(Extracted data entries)
- - -

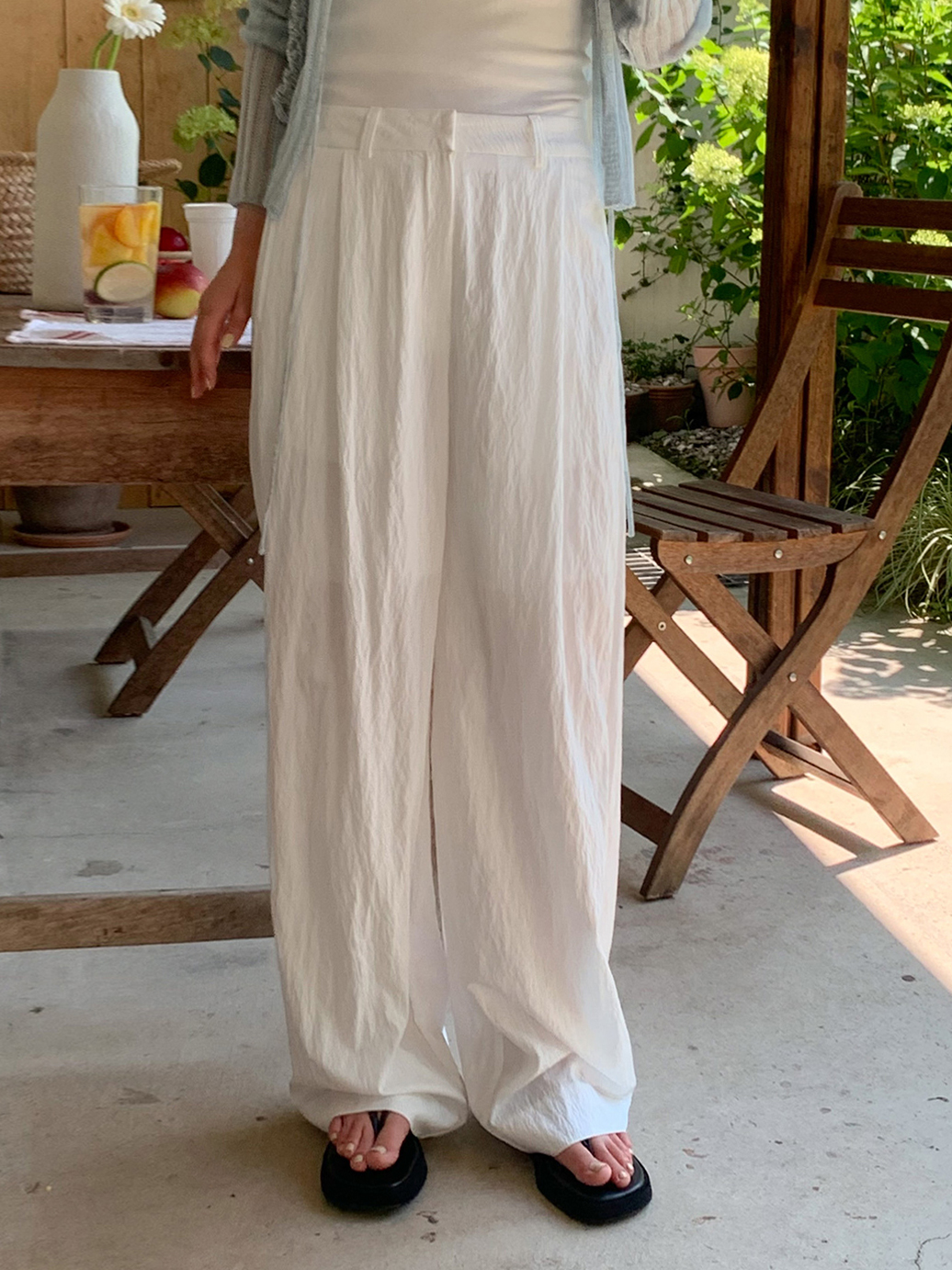 [안감O]리터 겨울 바스락 핀턱 와이드 나일론 슬랙스 팬츠(3color)
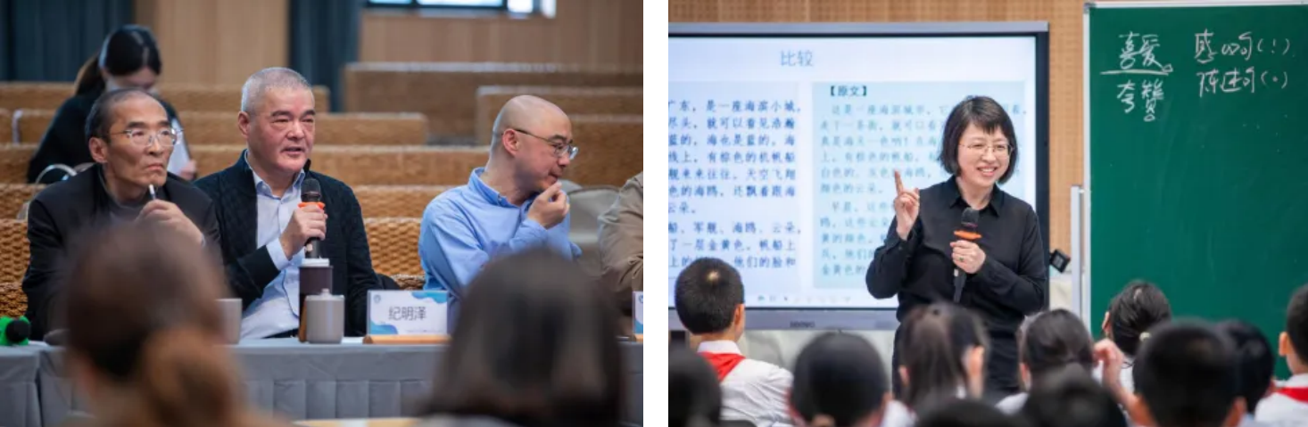 下午, 郑桂华教授执教五年级示范课《海滨小城》,并就“思辨性阅读与表达如何学、如何教”进行了深入浅出的分享,带领老师们探讨如何结合学生的年段特征品读语言文字,提出将学生对文本的“感受”作为教学“第一要义”,重视学生的审美体验。上海市教师教育学院副院长纪明泽对此次活动做了总结性讲话,他高度赞扬了郑桂华教授“绝知此事要躬行”的教学态度,以亲身示范,向青年教师们展现了从教学中主动思考、勤于反思的精神。他还提出要聚焦学生核心素养的培养,重组教学内容,重视单元教学,打通学科之间的壁垒,促进课堂教学的优化,推进育人方式的改革。
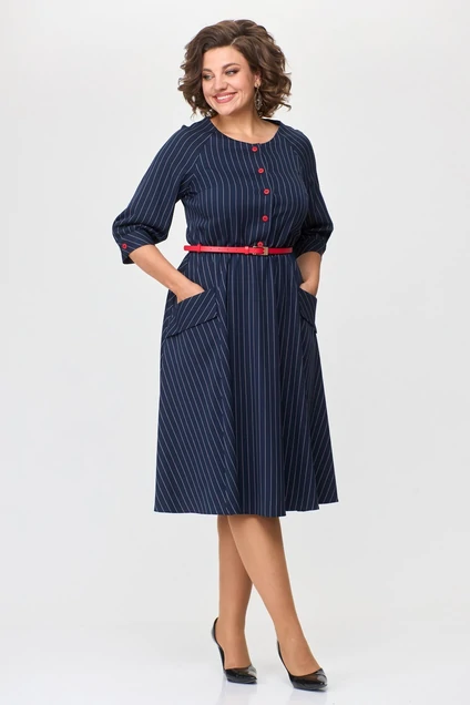Платье женское полуприлегающего силуэта, расширенное к низу, без подкладки. Перед и спинка отрезные по линии талии, шов присобран на эластичную тесьму. Верхняя часть переда с центрально бортовой застежкой на петли и пуговицы, нижняя часть юбки переда состоит из 3 клиньев, боковая часть юбки переда разрезная, в шве карман с клапаном. Верхняя часть спинки не разрезная, нижняя часть спинки со средним швом. По боковым швам, на уровне линии талии пришиты шлевки для пояса. Рукав реглан с вытачкой от горловины, по низу обработан разрез и сборка, с притачной манжетой застегивающиеся на петлю и пуговицу. Головина и борт верхней части переда обработаны подбортом, горловина спинки обработана обтачкой.
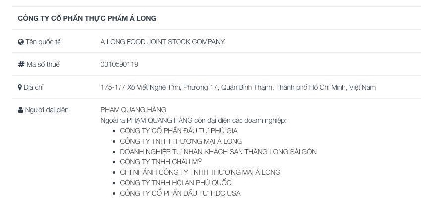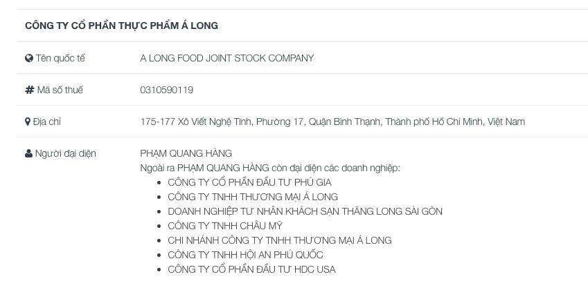 Theo dữ liệu từ Cổng thông tin Quốc gia về đăng ký doanh nghiệp, Công ty cổ phần Thực phẩm Á Long được thành lập vào ngày 17/1/2011, có trụ sở chính tại quận Bình Thạnh, TP HCM. Công ty hoạt động chính trong lĩnh vực bán buôn thực phấm. Người đại diện theo pháp luật là ông Phạm Quang Hàng - Chủ tịch HĐQT.
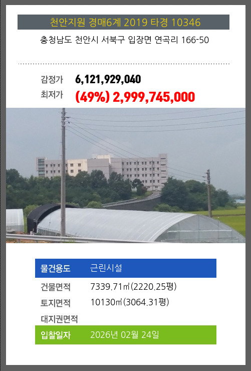 사건번호 2019 타경 10346 본건은 충청남도 천안시 서북구 입장면 연곡리 166-50소재하는 근린시설경매 물건의 포스팅입니다. 건물면적 [ 7339.71㎡ (2220.25평) ]토지면적 [ 10130㎡ (3064.31평) ] 시세를 반영한
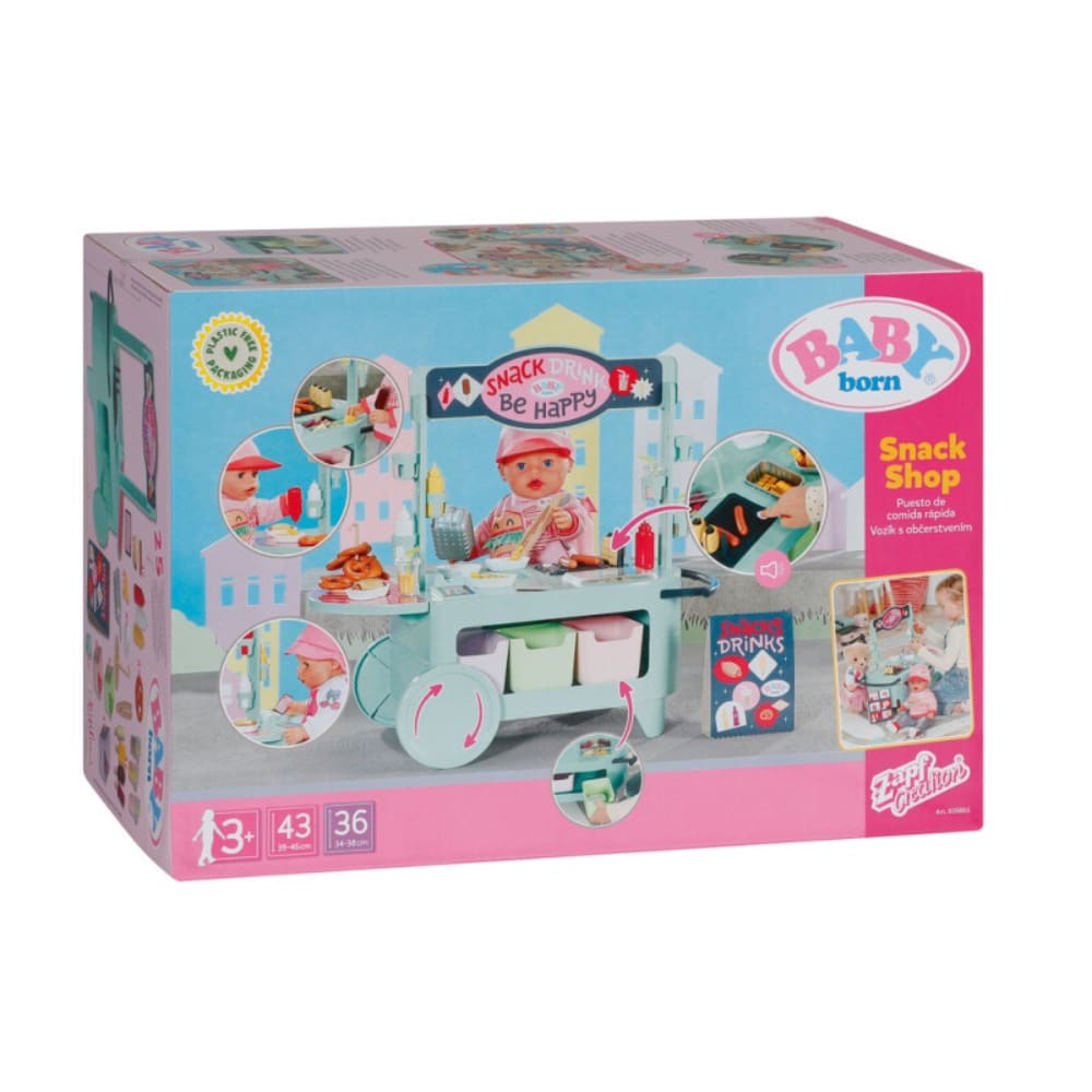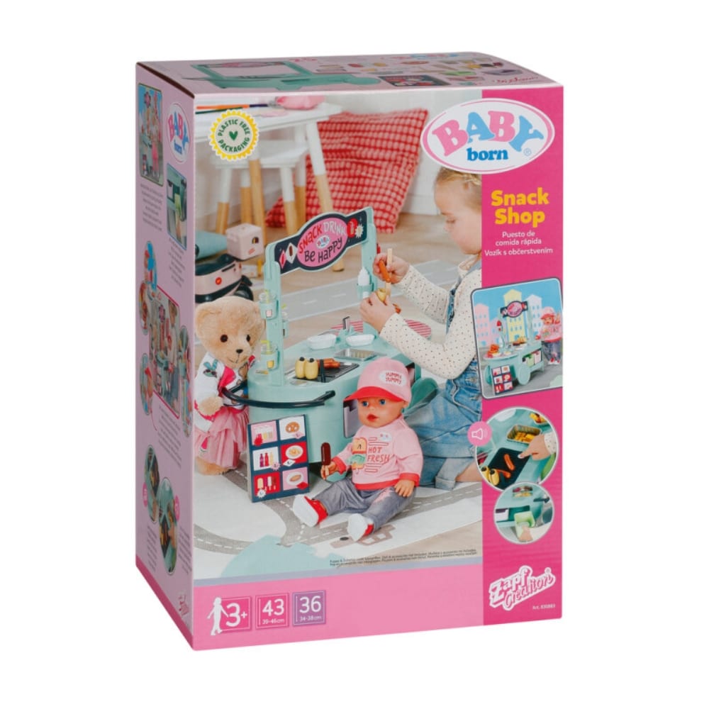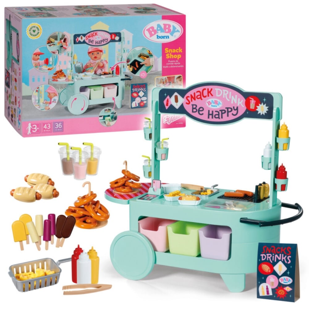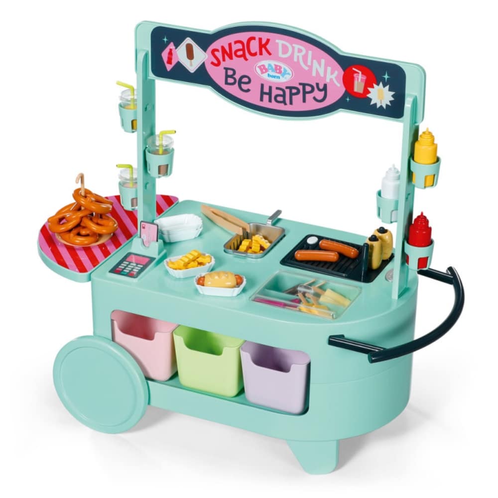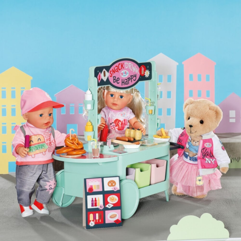 Ruokakärryleikkisetti BABY born nukelle. Grillissä äänitoiminto. Ruokakärryssä on pyörivät pyörät ja sitä voi joko vetää tai työntää kahvasta. Leikkikeittiön ruokatason alla on kuusi ruokakoria.
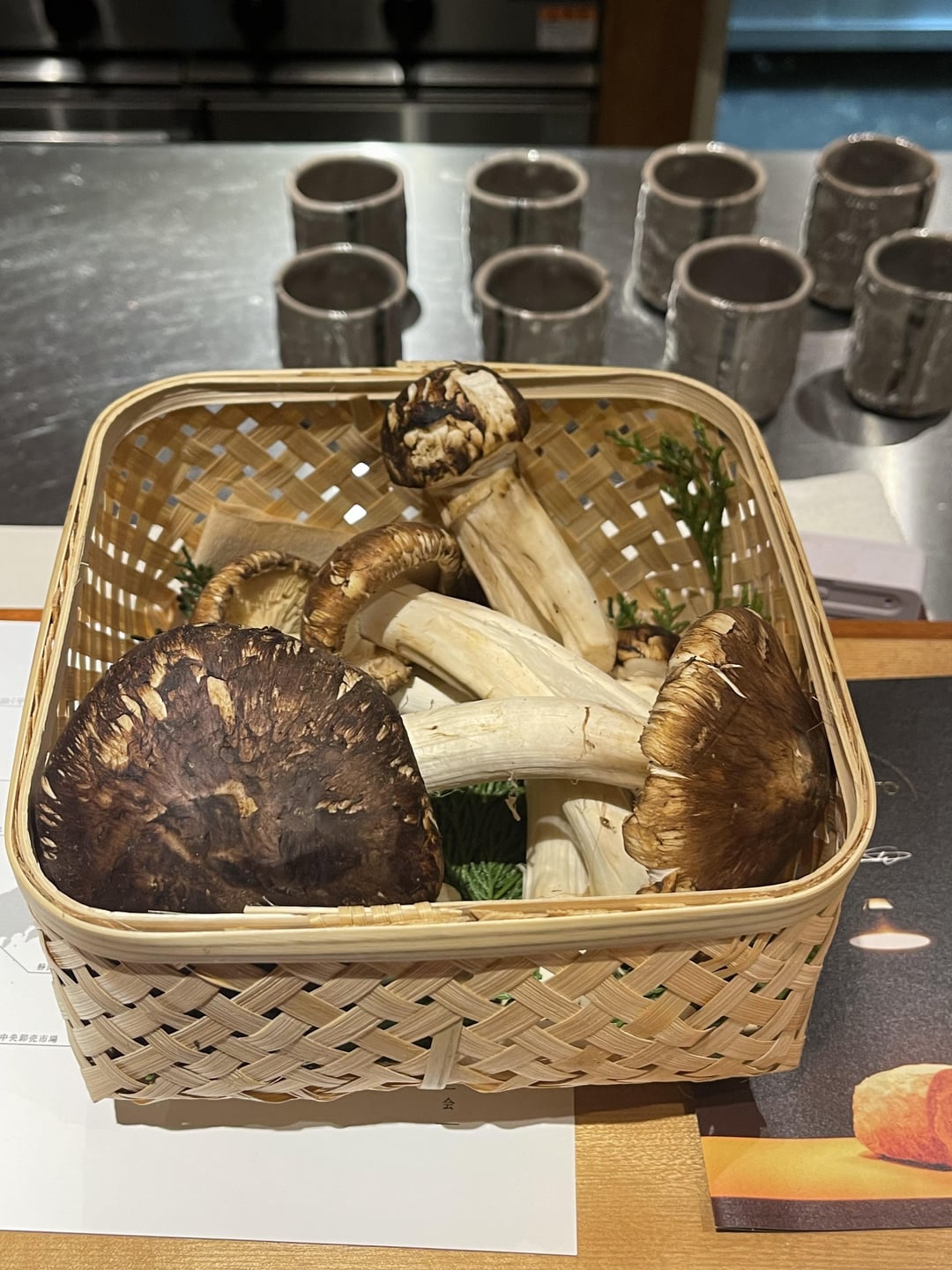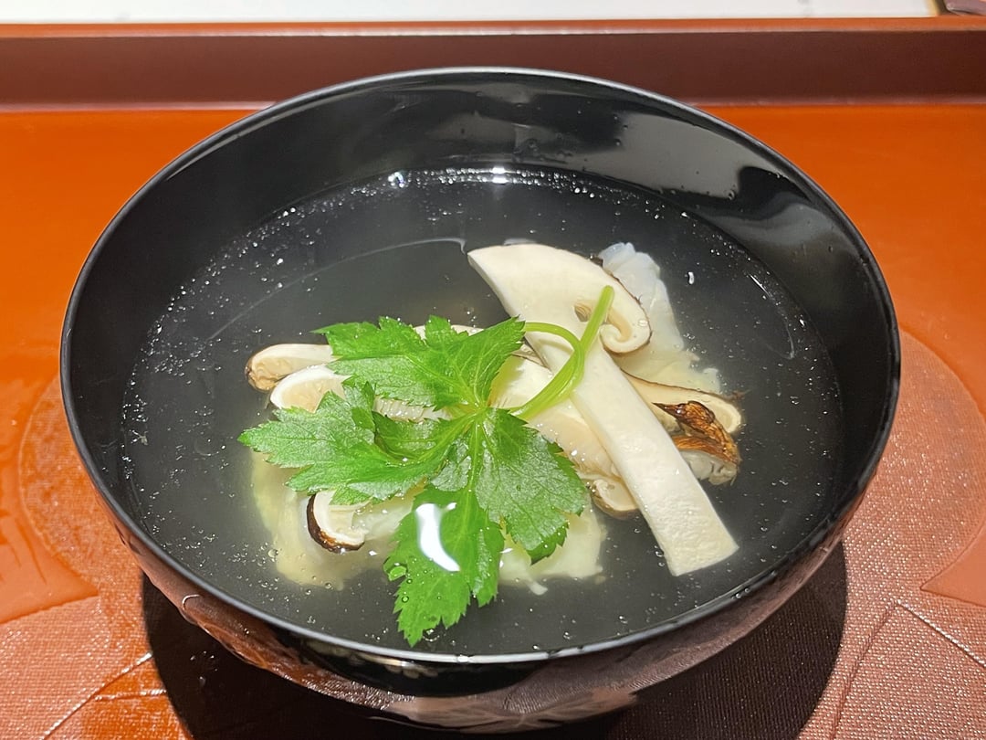 Long tooth grouper & Matsutake mushrooms in dashi made with kelp that has been aged for 6 years in Fukui and local spring water with hardness of 7 mg/L.

- - -

The task calls for duplicating the data exactly, with no images kept.

> COMPLETED TASK:
 [안감O]리터 겨울 바스락 핀턱 와이드 나일론 슬랙스 팬츠(3color)
 下午, 郑桂华教授执教五年级示范课《海滨小城》,并就“思辨性阅读与表达如何学、如何教”进行了深入浅出的分享,带领老师们探讨如何结合学生的年段特征品读语言文字,提出将学生对文本的“感受”作为教学“第一要义”,重视学生的审美体验。上海市教师教育学院副院长纪明泽对此次活动做了总结性讲话,他高度赞扬了郑桂华教授“绝知此事要躬行”的教学态度,以亲身示范,向青年教师们展现了从教学中主动思考、勤于反思的精神。他还提出要聚焦学生核心素养的培养,重组教学内容,重视单元教学,打通学科之间的壁垒,促进课堂教学的优化,推进育人方式的改革。
Платье женское полуприлегающего силуэта, расширенное к низу, без подкладки. Перед и спинка отрезные по линии талии, шов присобран на эластичную тесьму. Верхняя часть переда с центрально бортовой застежкой на петли и пуговицы, нижняя часть юбки переда состоит из 3 клиньев, боковая часть юбки переда разрезная, в шве карман с клапаном. Верхняя часть спинки не разрезная, нижняя часть спинки со средним швом. По боковым швам, на уровне линии талии пришиты шлевки для пояса. Рукав реглан с вытачкой от горловины, по низу обработан разрез и сборка, с притачной манжетой застегивающиеся на петлю и пуговицу. Головина и борт верхней части переда обработаны подбортом, горловина спинки обработана обтачкой.
 Theo dữ liệu từ Cổng thông tin Quốc gia về đăng ký doanh nghiệp, Công ty cổ phần Thực phẩm Á Long được thành lập vào ngày 17/1/2011, có trụ sở chính tại quận Bình Thạnh, TP HCM. Công ty hoạt động chính trong lĩnh vực bán buôn thực phấm. Người đại diện theo pháp luật là ông Phạm Quang Hàng - Chủ tịch HĐQT.
 사건번호 2019 타경 10346 본건은 충청남도 천안시 서북구 입장면 연곡리 166-50소재하는 근린시설경매 물건의 포스팅입니다. 건물면적 [ 7339.71㎡ (2220.25평) ]토지면적 [ 10130㎡ (3064.31평) ] 시세를 반영한
 Ruokakärryleikkisetti BABY born nukelle. Grillissä äänitoiminto. Ruokakärryssä on pyörivät pyörät ja sitä voi joko vetää tai työntää kahvasta. Leikkikeittiön ruokatason alla on kuusi ruokakoria.
 Long tooth grouper & Matsutake mushrooms in dashi made with kelp that has been aged for 6 years in Fukui and local spring water with hardness of 7 mg/L.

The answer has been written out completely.